# Getting gas abroad, a solution?



## peejay (May 10, 2005)

Hi,

Lots of chat in the past about refilling your gas bottle on the continent, one of the big problems was in general, a lot of British vans have small lockers, so the large refillable types wouldn't fit.

Gaslow now make a refillable bottle about the same size as a 6kg calor propane 492mm X 246mm. This looks an ideal solution and the price per bottle is good (£65). They also sell lots of other gas related bits and bobs to enable your system to be as simple or sophisticated as your budget allows.

The reason i tell you this is because i have this problem, my previous 'van i used a 11.5 kg refillable from autogas, but it wont fit the nuevo locker. We tour abroad alot especially when its cold and can quickly use 2 6kg calors.

I am toying with the idea of fitting 2 with a remote fill, contents gauge and manual changeover switch.

www.gaslow.co.uk

Pete.


----------



## autostratus (May 9, 2005)

peejay said:


> Hi,
> The reason i tell you this is because i have this problem, my previous 'van i used a 11.5 kg refillable from autogas, but it wont fit the nuevo locker. We tour abroad alot especially when its cold and can quickly use 2 6kg calors.
> 
> I am toying with the idea of fitting 2 with a remote fill, contents gauge and manual changeover switch.
> ...


We have a problem with a locker which can just hold 2x6kg bottles and do find it difficult to manage in the spring particularly.

There has been some discussion on another forum which I expect you are familiar with. Do you know whether anyone is yet offering a supply anf fit service with these bottles and what the cost is or is likely to be.


----------



## peejay (May 10, 2005)

Hi Gillian, i would imagine any good m/h dealer could supply and fit the system, personally, the only part of fitting that i would like done profesionally is having the remote fill device set into the outside wall of the 'van and would prefer the supplying dealer or a/sleepers to do this because of warranty issues. The rest is just connecting each cylinder.

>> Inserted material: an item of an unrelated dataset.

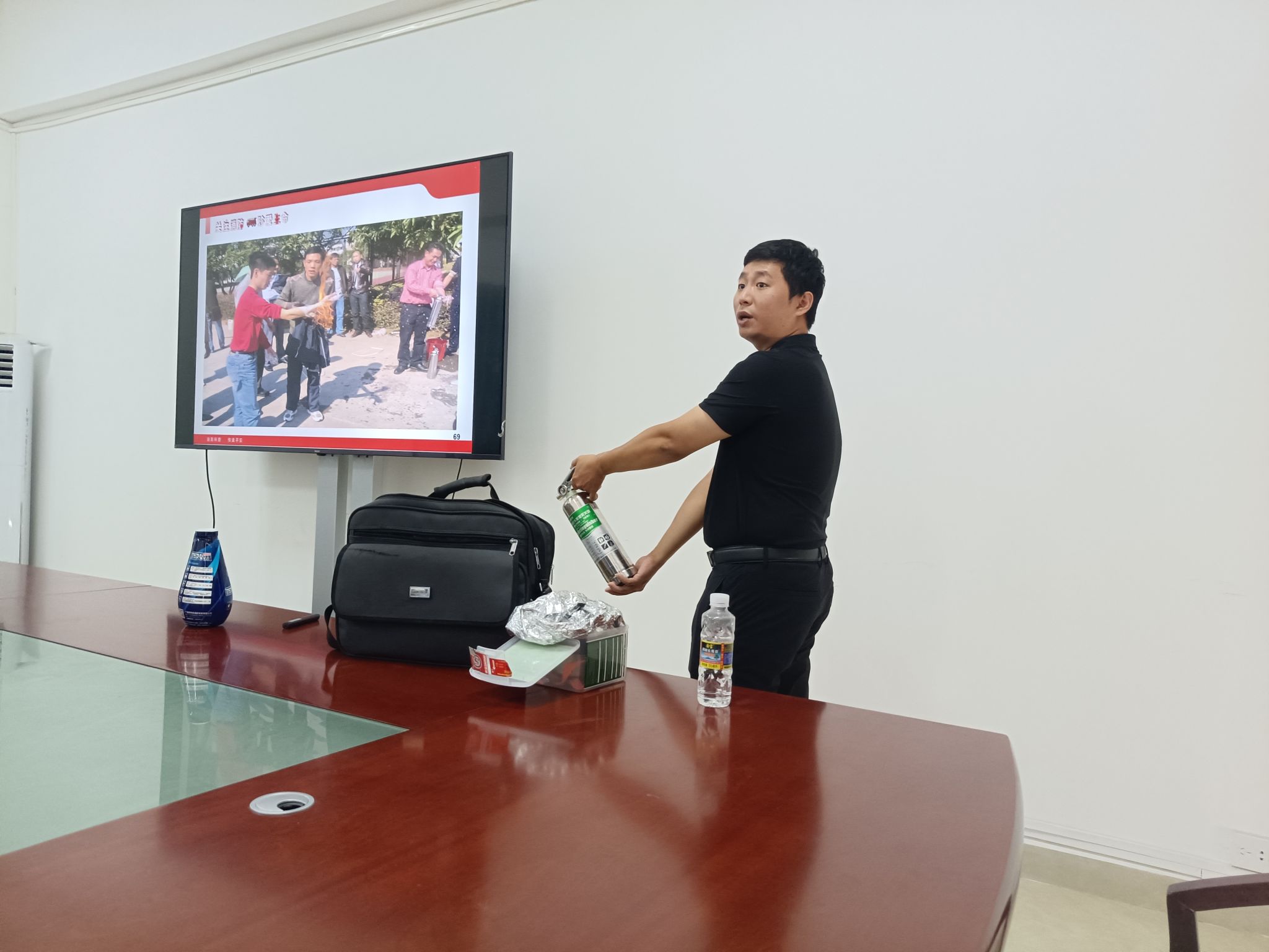 2024年5月16日,体育与健康学院举行消防安全知识讲座和灭火演练。消防宣传教员周俊威受邀对师生进行消防知识培训。他通过剖析省内外的系列典型火灾案例,重点讲解家庭起火、交通工具起火、公共场所起火的原因及危害,向大家普及消防安全知识、应急逃生以及灭火等技能,并现场对干粉灭火器、防毒面具的使用及操作方法进行演示。

I have priced up the parts i need for a system with 2 bottles as follows;

6 kg bottle £65
Tandem 6 kg bottle £65
Remote fill device £50
Bottle connecting pipe £44
contents gauge £18
total £242 plus any dealer fitting costs and foreign fill adaptors.

You don't have to specify all these parts though, for instance, you could run with one calor and one refillable, then just use the calor until the other is topped up.

The only thing i have to establish is if only one contents gauge is required with 2 bottles in tandem, i think it should be ok as the gauge works (i think) on pressure, all will become clear when i check with gaslow.

pete.


----------



## Jeffus (May 1, 2005)

*Gas*

Hi peejay and the rest of the gang. Really interested in this thread as I have been going down the same route with Gaslow. I am in touch with them by email (although it takes a few attempt to get through, keeps bouncing back) Jacquie (gaslow) sent me some details and included a PDF file of recent prices and a link to autogas refill stations. I have managed to download and print the stations in the UK but I am having trouble finding the same in Europe. I think the site might be down as I get "don't recognise URL" for Europe. Anybody interested let me know and I'll forward the info. Keep us informed as to what you come down on Pete. I have just been told that you can exchange British Calor (blue) bottles now in France (but not our orange propane) anyone know if this is true? Cheers, Jeffus. 8)


----------



## peejay (May 10, 2005)

Hi jeffus,

the brochure and the pricelist are easily downloaded from gaslow's website.

As for Autogas abroad, and, according to the silkroute club http://www.xor.org.uk/silkroute/equipment/lpgineurope.htm it's widely available except for Finland and Spain (none), and with limited quantities in Denmark, Greece, Switzerland and Norway. I,m sure someone somewhere could come up with a more difinitive list or link.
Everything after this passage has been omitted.